## SOURCE MATERIAL
┏━━

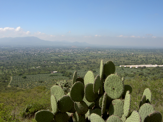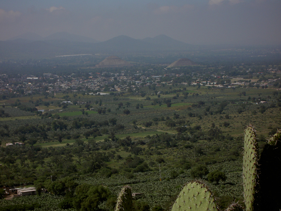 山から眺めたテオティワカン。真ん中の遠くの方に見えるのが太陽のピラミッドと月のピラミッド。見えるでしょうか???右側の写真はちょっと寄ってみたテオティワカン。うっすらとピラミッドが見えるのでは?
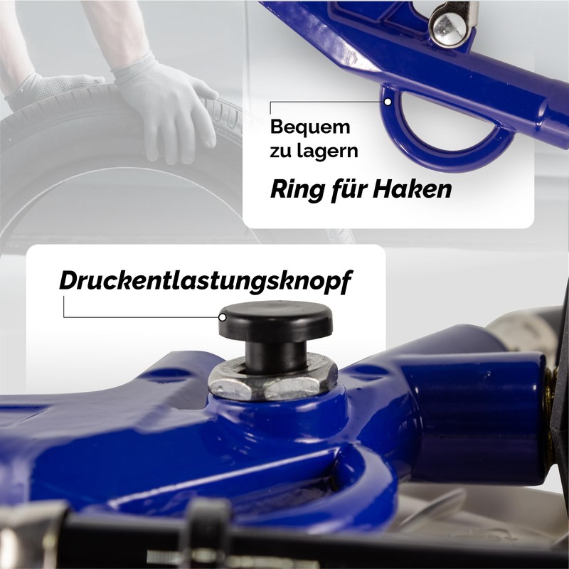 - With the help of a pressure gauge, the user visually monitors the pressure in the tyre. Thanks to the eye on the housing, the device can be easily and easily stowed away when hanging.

┗━━
┏━━

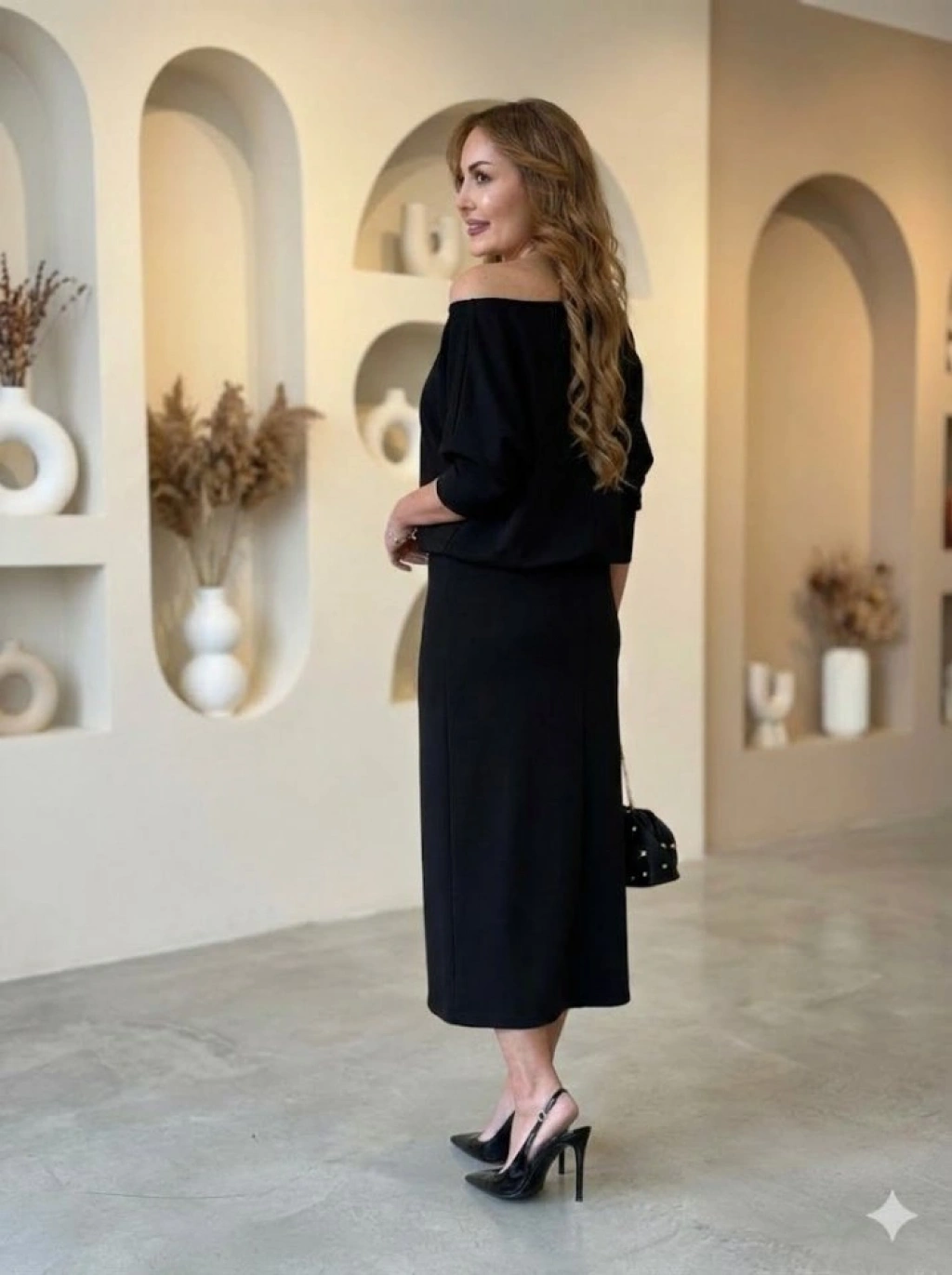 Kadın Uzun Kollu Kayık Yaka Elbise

┗━━

The material above holds pictures; leave them out. Repeat exactly the lines from the one containing "山から眺めたテオティワカン。" through the one containing "- With the help", and nothing else.

 山から眺めたテオティワカン。真ん中の遠くの方に見えるのが太陽のピラミッドと月のピラミッド。見えるでしょうか???右側の写真はちょっと寄ってみたテオティワカン。うっすらとピラミッドが見えるのでは?
 - With the help of a pressure gauge, the user visually monitors the pressure in the tyre. Thanks to the eye on the housing, the device can be easily and easily stowed away when hanging.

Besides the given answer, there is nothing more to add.